Could you describe your PostgreSQL development toolbox?

I have been using Linux and VIM since 2000, so nothing really fancy. Although, if you are not familiar with it yet, I would really recommend you to try rr. With this tool you record a failure once, then debug the recording, deterministically, as many times as you want. The same execution is replayed every time.

Which skills are a must have for a PostgreSQL developer/user?

If we talk about developers, there are two different things that come to my mind. Being a PostgreSQL hacker requires at least some C skills, a lot of patience and being ready to participate in very-long threads on pgsql-hackers mailing list. PostgreSQL users should learn SQL (instead of relying on an ORM), get some understanding on how MVCC works, and what tasks autovacuum solves.

Do you use any git best practices, which makes working with PostgreSQL easier?

I am not an advanced git user. If something goes beyond the basic commands, often I have to google for the solution.

Which PostgreSQL conferences do you visit? Do you submit talks?

In the past I attended a few different PostgreSQL conferences as a speaker. Among them are PGConfs and PGDays of different kinds: PGConf.EU, PGConf.DE, PGConf.Russia, PGConf APAC, PGConf.Asia, FOSDEM PGDay. The most unique (and my favorite) is PGCon in Ottawa.

Do you think Postgres has a high entry barrier?

Getting PostgreSQL up and running is easy enough. Going to production is much harder, you need to think about backups, performance tuning, high-availability and automatic failover, security, monitoring and so on. Very often it includes installing and configuring third party tools, and only a few of them are referenced from the Postgres documentation. Fortunately there is a lot of free learning material available on the internet, in the form of blog posts (Planet PostgreSQL), and slides/videos from different conferences.

What is your advice for people who want to start PostgreSQL developing - as in, contributing to the project. Where and how should they start?

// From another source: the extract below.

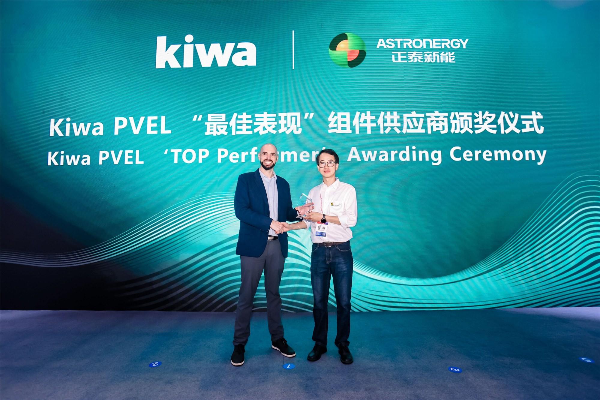 在尊龙凯时新能展台现场,国家光伏质检中心(CPVT)院长鲍军为尊龙凯时新能颁发户外实证年衰减率暨全应用场景证书,标志着尊龙凯时ASTRO系列组件在长期可靠性及全场景适用性方面再获权威认可。

Get familiar with the Developer FAQ, clone the PostgreSQL source, try to compile and install it. Subscribe and start reading mailing lists, -hackers and -bugs . Then you need to find an idea of what to hack. Don’t even try to use the Todo list for that. It is more like a list of ideas which someone already tried to implement and failed. Instead, you better start reviewing and testing existing patches. Maybe someone is already working on the feature which you want to have in the core? Reviewing patches helps you to get familiar with Postgres internals, and more important, you immediately start helping other developers and therefore the whole community.

Do you think PostgreSQL will be here for many years in the future?

The project or product exists while people are developing/using it. Being an open-source, not owned by a single company and having a very diverse community of developers and users that are steadily growing, PostgreSQL will surely stay with us for many years.

Would you recommend Postgres for business, or for side projects?

The practice showed that PostgreSQL is flexible and scalable, it is a great choice for projects of any kind. I will never stop saying: if you are in doubt about which database to choose - start with PostgreSQL. Later, if you figure out that PostgreSQL wasn’t a good choice (what is very unlikely) - you can always migrate with the help of logical replication and/or foreign data wrappers.

Are you reading the -hackers mailinglist? Any other list?

I am subscribed to -hackers and -bugs . I don’t have time to carefully read all messages, but try to go through the list of subjects at least once a day and carefully read threads that caught my eye.

What other places do you hang out?

Slack , a couple of Telegram chats, but I am not very active there.

Which other Open Source projects are you involved or interested in?

Occasionally I contribute to some python modules that are used in Patroni.